Trees Corporation (NEO: Tree) (“Trees” or the “Company“) is pleased to announce that it has completed the closing of a non-brokered private placement (the “Private Placement“) of 200 units (“Units“) of the Company at a price of $1,000 per Unit for gross proceeds of approximately $200,000. The closing is expected to form part of a larger offering for gross proceeds of up to $1,000,000.
Proceeds from the Private Placement will be directed towards general working capital requirements and the opening of the Company’s next Trees Cannabis location at 3812a Bloor Street West, Etobicoke, ON, anticipated to open later this year.
Each Unit consists of (i) one 12.0% secured convertible promissory note bearing a principal amount of $1,000 (each, a “Convertible Note“), convertible into common shares of the Company (each, a “Common Share“) at a conversion price of C$0.015 per Common Share (the “Conversion Price“) and maturing thirty-six (36) months from the closing of the Private Placement; and (ii) 66,667 common share purchase warrants of the Company (each, a “Warrant“). Each Warrant entitles the holder thereof to purchase one Common Share at a price of C$0.015 per share until October 20, 2025, subject to Acceleration (defined hereafter).
If, during the term of the Convertible Notes, the volume weighted-average share price of the Common Shares on the Neo Exchange Inc. (the “NEO“) for twenty (20) consecutive trading days equals or exceeds C$0.06, the Company may, upon 30 days’ prior notice, convert the Convertible Notes into Common Shares at the conversion price of $0.015 (subject to customary adjustments), in whole or, from time to time, in part.
In the event that the volume-weighted average price of the Common Shares on the NEO for twenty (20) consecutive trading days equals or exceeds $0.06, the Company may, upon 30 days’ prior notice, accelerate the expiry of the Warrants to a date that is 30 days from the date of the notice (the “Acceleration“).
The Company intends to use the net proceeds from the Private Placement for general working capital purposes.

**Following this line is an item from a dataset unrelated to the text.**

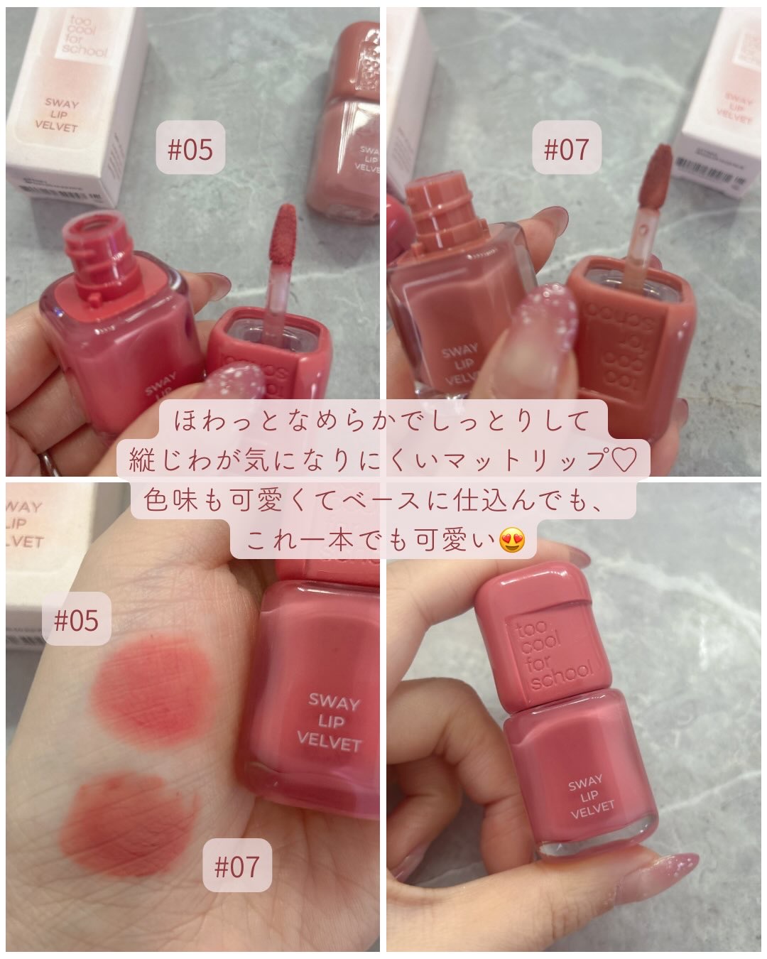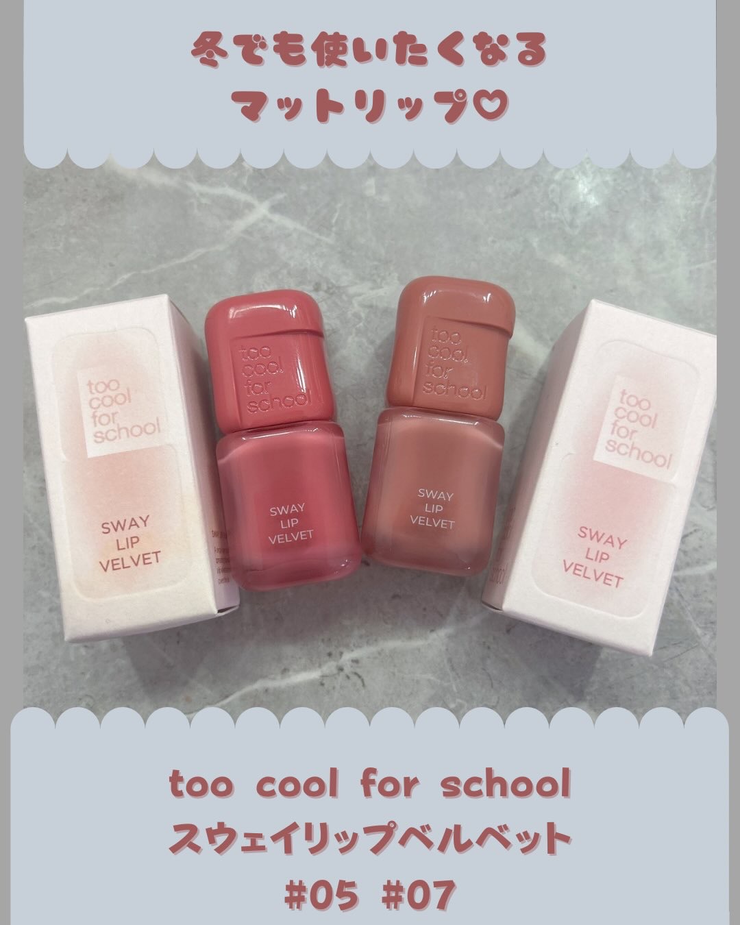 こんにちはꕤ︎︎·͜·いつもご覧頂きありがとうございます✨️感謝です︎。@toocoolforschool_official_jp#スウェイリップベルベット05…ROSYOAT07…MUTEDCHERRY以下引用有り🙇♀️・べたつくオイル...

Completion of the proposed Private Placement is subject to the satisfaction of certain conditions precedent, including, but not limited to, receipt of all necessary regulatory approvals, including approval of the NEO.
The Company paid a finder’s fee of C$ 7,000 in cash to certain finders in connection with the closing of the Private Placement.
Pursuant to applicable Canadian securities laws, all securities issued and issuable in connection with the closing of the Private Placement will be subject to a four (4) month hold period ending February 21, 2023.